Оставшись в одиночестве у погасшего огня, я обдумывал слова Зорбы. Казалось, они поднимались из глубин его существа и ещё сохраняли человеческую теплоту. Мои же мысли были книжным плодом. Они исходили из моего сознания лишь слегка окроплённые каплей крови. И если они имели какую-то ценность, то только благодаря этой капле!

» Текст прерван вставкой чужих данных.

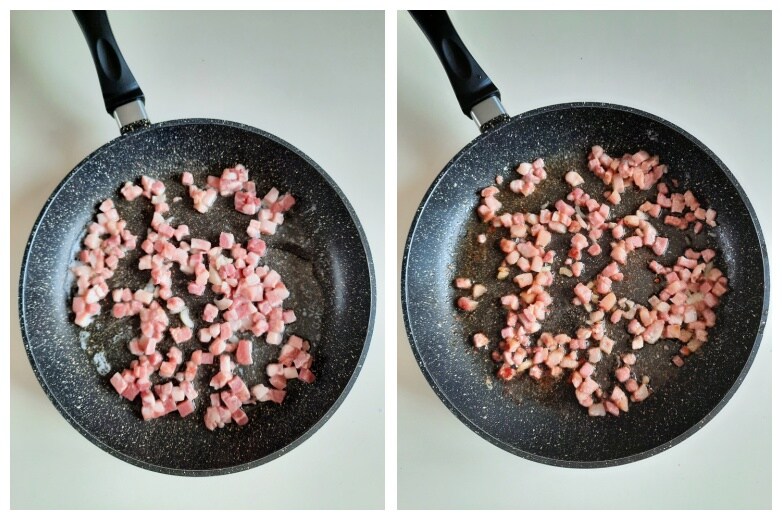 Pendant ce temps, dans une poêle antiadhésive, ajoutez un filet d’huile d’olive extra vierge et l’oignon finement haché. Laissez revenir à feu doux jusqu’à ce que l’oignon soit doré et transparent. Ajoutez la pancetta, augmentez légèrement le feu et faites-la revenir jusqu’à ce qu’elle soit croquante et dorée.

Лёжа на животе, я ворошил тёплый пепел, как вдруг вернулся Зорба с опущенными руками, вид у него был оторопелый.
- Хозяин, не удивляйся…
Я резко поднялся.
- Монах мёртв, - сказал он.
- Мёртв?
- Я нашёл его лежащим на скалах. При луне его было хорошо видно. Я опустился на колени и стал стричь ему бороду и остатки усов. Стриг, подрезал, а он всё не шевелился. Что-то на меня нашло, и я стал начисто срезать ему волосы на голове. Настриг, должно быть, целый фунт волос. И когда я его увидел таким стриженным, как баран, то рассмеялся. «Послушай, господин Захарий, - говорю я и трясу его, - проснись же, чтобы увидеть чудо Пресвятой Девы!» Тут я обалдел. Он не шевелился. Тряхнул его ещё, ничего! На сей раз он не успел смыться, бедный старик, подумал я. Распахнул его рясу, открыл грудь, приложил ладонь ему к сердцу напрасно, тук-тук не слышно, совершенно ничего! Машина остановилась.
По мере того как Зорба говорил, его всё больше охватывало возбуждение. Смерть на какое-то время сбила его с толку, но он скоро успокоился.